- _Records for this exercise_
■ ■ ■

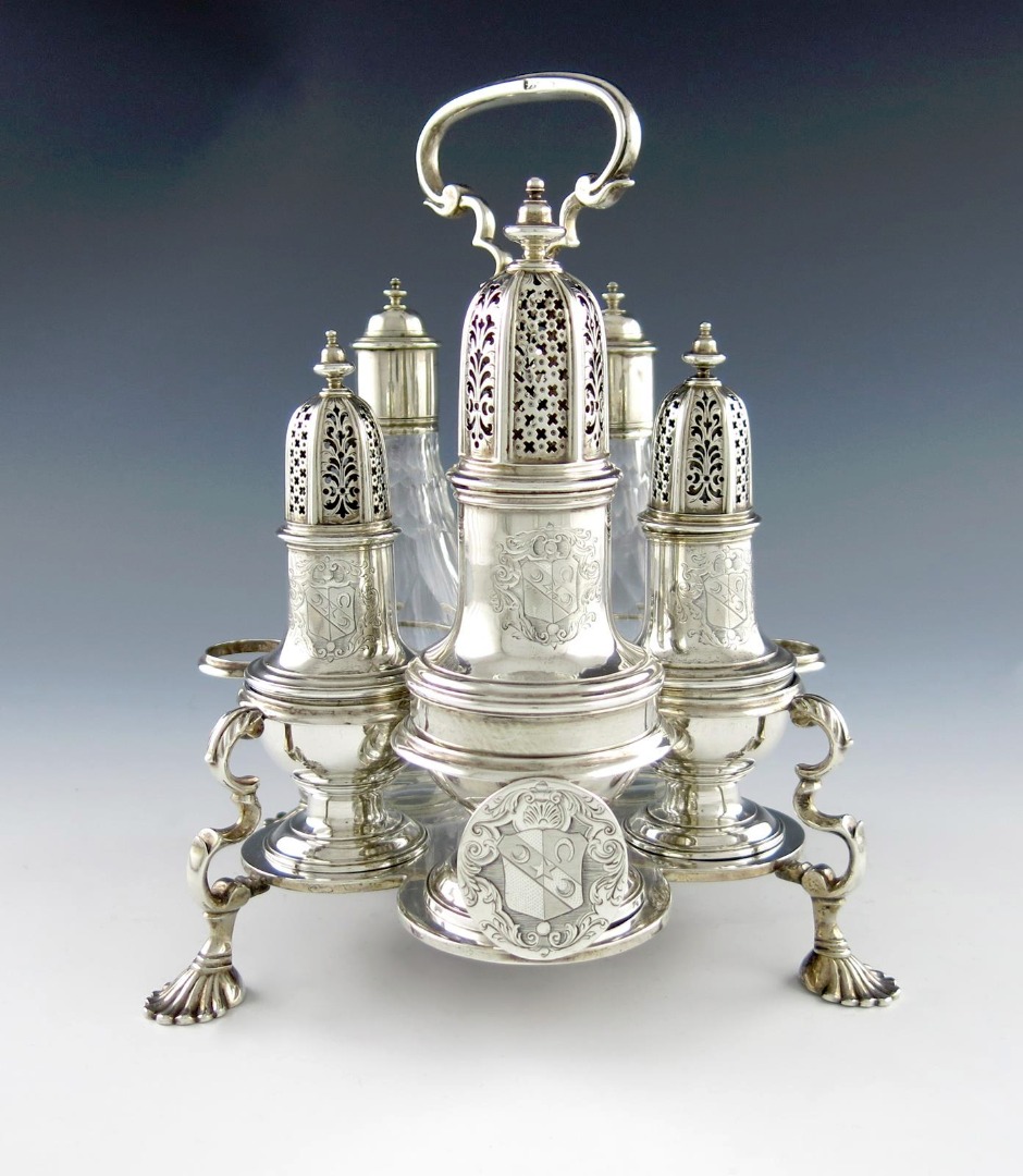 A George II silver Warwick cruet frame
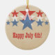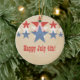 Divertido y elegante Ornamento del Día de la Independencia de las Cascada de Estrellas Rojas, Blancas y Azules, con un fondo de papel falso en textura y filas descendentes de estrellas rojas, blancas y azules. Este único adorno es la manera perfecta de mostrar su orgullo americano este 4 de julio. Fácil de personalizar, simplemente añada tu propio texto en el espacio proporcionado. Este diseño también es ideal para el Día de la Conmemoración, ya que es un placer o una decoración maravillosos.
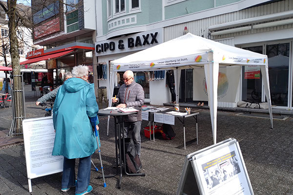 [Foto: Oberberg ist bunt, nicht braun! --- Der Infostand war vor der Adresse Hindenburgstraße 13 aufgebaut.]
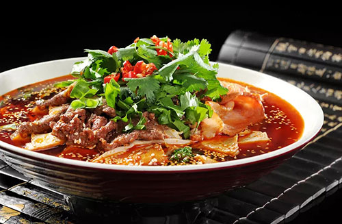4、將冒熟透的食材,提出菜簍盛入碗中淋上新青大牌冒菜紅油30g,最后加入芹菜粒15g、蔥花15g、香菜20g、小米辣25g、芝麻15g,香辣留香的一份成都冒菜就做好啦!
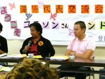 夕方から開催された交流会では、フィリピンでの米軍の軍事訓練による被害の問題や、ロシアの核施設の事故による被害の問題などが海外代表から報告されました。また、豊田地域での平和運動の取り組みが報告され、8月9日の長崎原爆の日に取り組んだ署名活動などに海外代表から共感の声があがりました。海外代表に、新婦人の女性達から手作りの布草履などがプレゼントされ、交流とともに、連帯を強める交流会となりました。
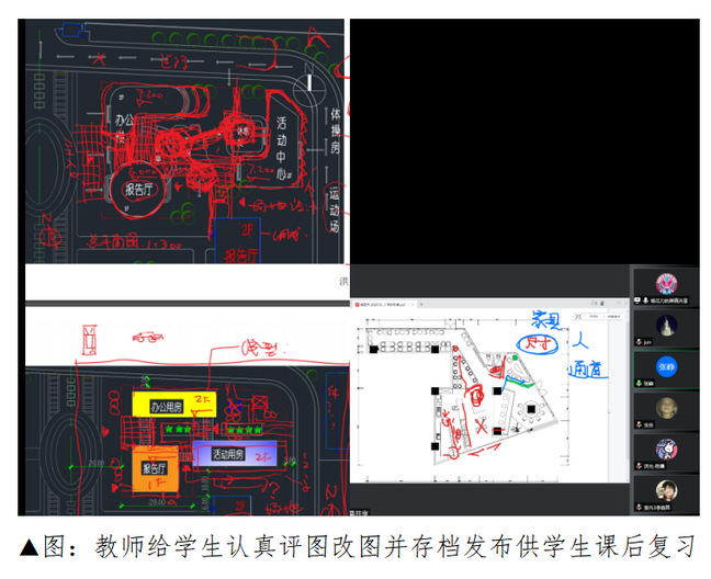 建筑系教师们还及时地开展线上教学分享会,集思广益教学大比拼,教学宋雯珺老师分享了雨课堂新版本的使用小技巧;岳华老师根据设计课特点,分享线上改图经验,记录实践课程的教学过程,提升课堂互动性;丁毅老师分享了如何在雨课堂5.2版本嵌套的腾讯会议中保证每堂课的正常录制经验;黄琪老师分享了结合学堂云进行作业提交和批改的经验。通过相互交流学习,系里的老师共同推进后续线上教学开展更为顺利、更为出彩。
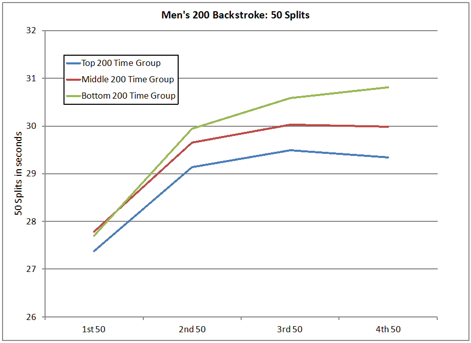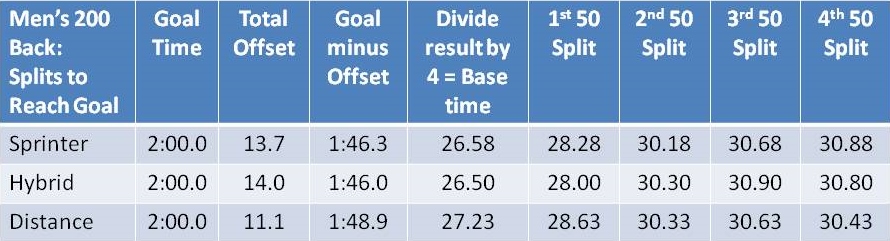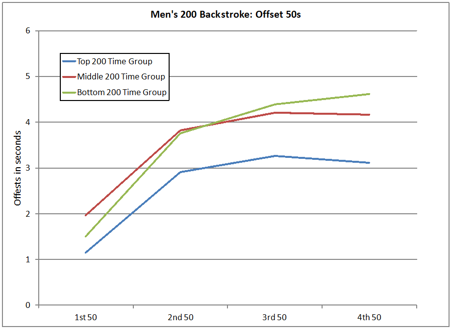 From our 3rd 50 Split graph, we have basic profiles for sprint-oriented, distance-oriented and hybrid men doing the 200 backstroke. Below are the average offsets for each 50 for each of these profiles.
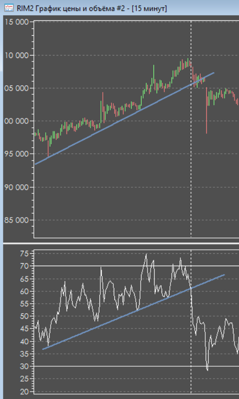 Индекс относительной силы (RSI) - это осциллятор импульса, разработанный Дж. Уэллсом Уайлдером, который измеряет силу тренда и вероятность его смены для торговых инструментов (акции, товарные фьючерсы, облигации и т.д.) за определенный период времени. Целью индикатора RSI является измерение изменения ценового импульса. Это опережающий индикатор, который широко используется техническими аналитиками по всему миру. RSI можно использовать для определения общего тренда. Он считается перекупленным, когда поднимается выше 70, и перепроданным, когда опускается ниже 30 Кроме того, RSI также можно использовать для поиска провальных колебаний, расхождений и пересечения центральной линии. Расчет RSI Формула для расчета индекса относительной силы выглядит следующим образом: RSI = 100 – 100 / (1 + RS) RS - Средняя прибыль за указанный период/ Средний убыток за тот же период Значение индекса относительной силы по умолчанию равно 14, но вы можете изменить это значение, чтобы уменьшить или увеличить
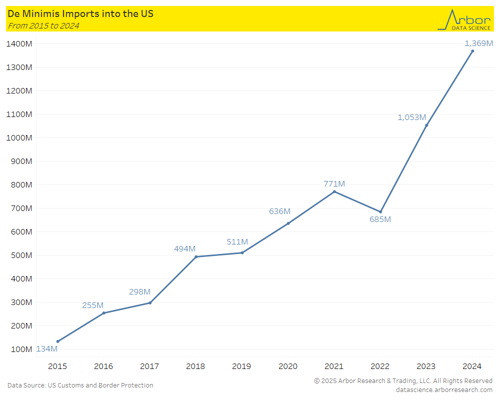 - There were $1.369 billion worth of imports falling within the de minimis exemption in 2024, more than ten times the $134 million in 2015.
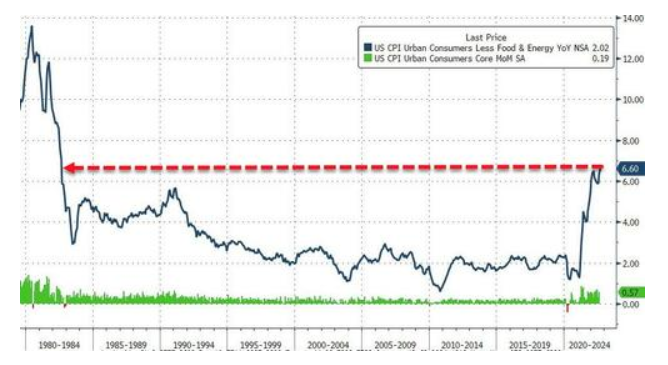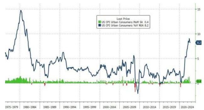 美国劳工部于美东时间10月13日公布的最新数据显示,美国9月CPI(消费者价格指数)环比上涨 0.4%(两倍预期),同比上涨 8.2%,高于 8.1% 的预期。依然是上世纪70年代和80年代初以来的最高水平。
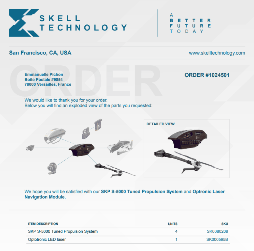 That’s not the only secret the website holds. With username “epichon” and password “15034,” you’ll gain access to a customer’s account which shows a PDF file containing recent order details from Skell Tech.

■ ■ ■

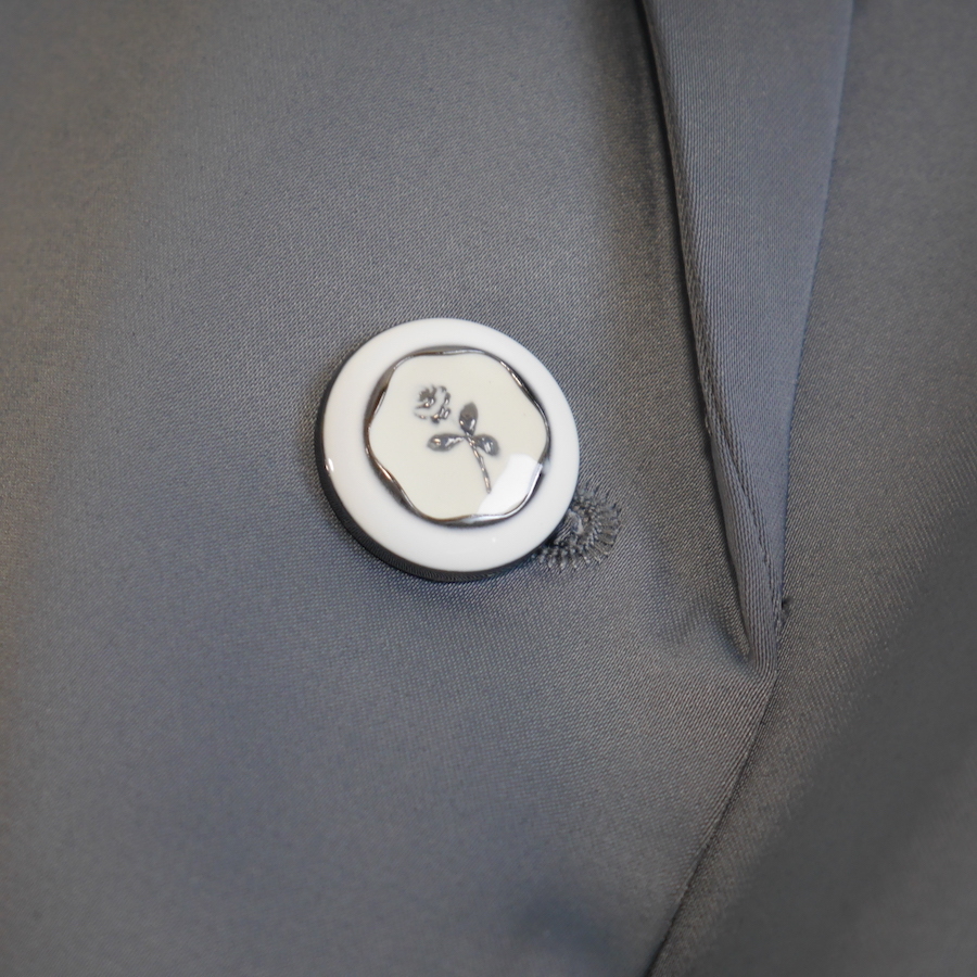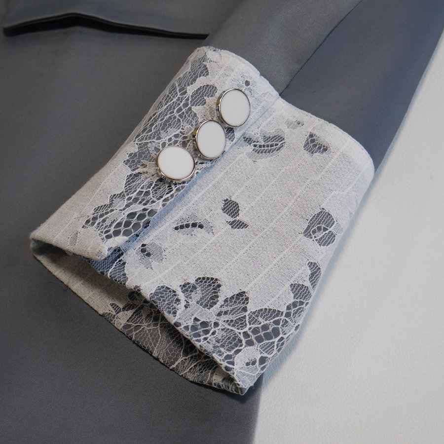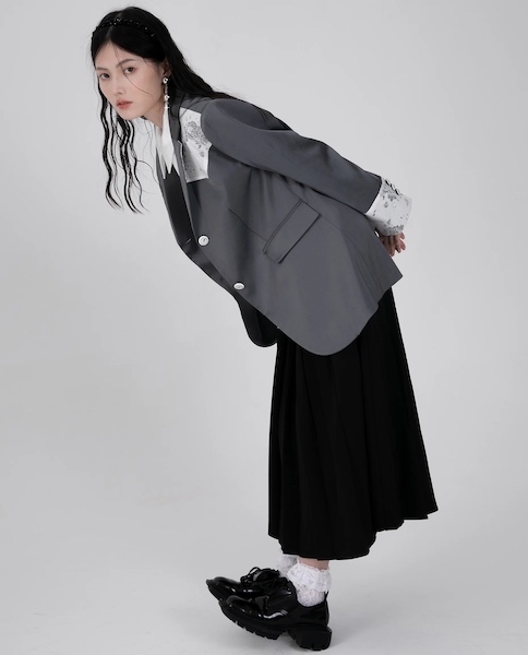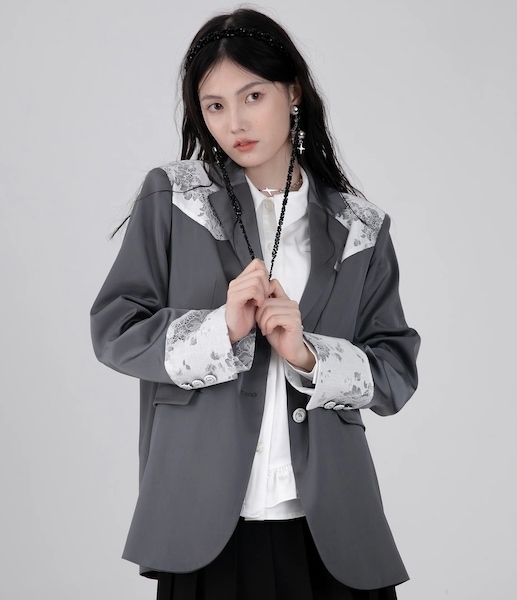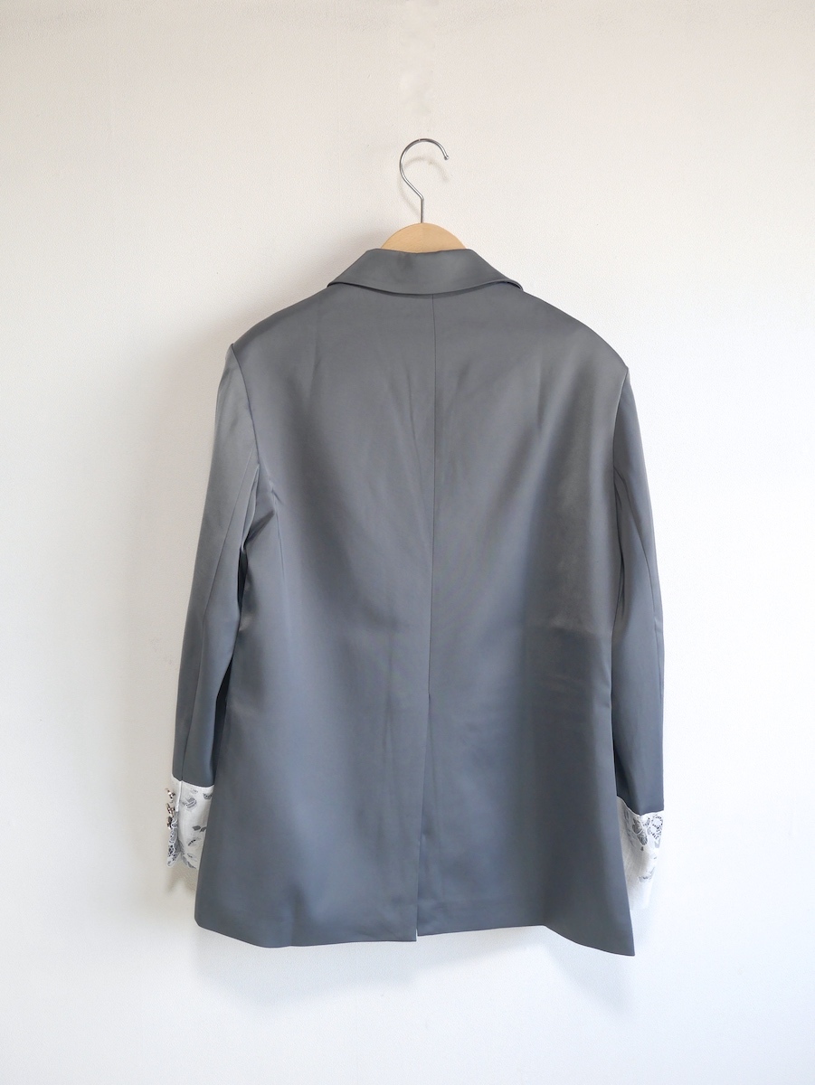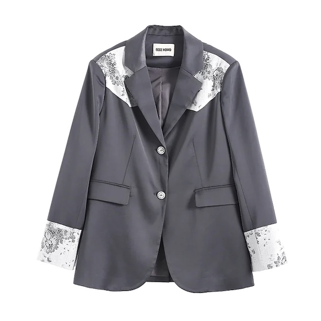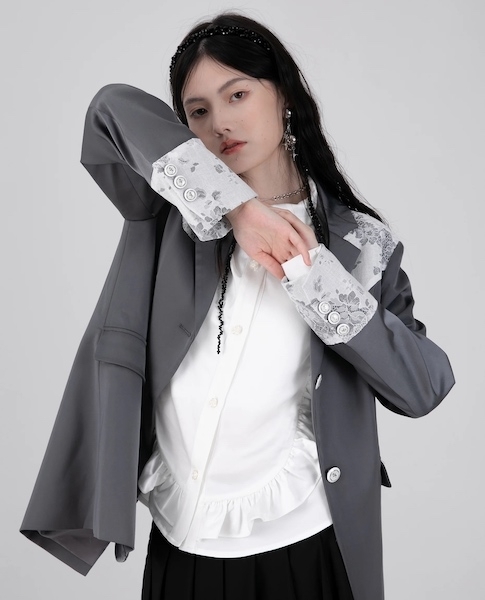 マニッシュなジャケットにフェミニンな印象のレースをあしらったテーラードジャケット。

■ ■ ■

- _Directions_
For this exercise, transcribe exactly the part of the records above that opens with the line containing "8.2%,高于 8.1% 的预期。依然是上世纪70年代和80年代初以来的最高水平。" and closes with the one containing "That’s not the". Pictures are not part of the copy.

- _Task answer_
 美国劳工部于美东时间10月13日公布的最新数据显示,美国9月CPI(消费者价格指数)环比上涨 0.4%(两倍预期),同比上涨 8.2%,高于 8.1% 的预期。依然是上世纪70年代和80年代初以来的最高水平。
 That’s not the only secret the website holds. With username “epichon” and password “15034,” you’ll gain access to a customer’s account which shows a PDF file containing recent order details from Skell Tech.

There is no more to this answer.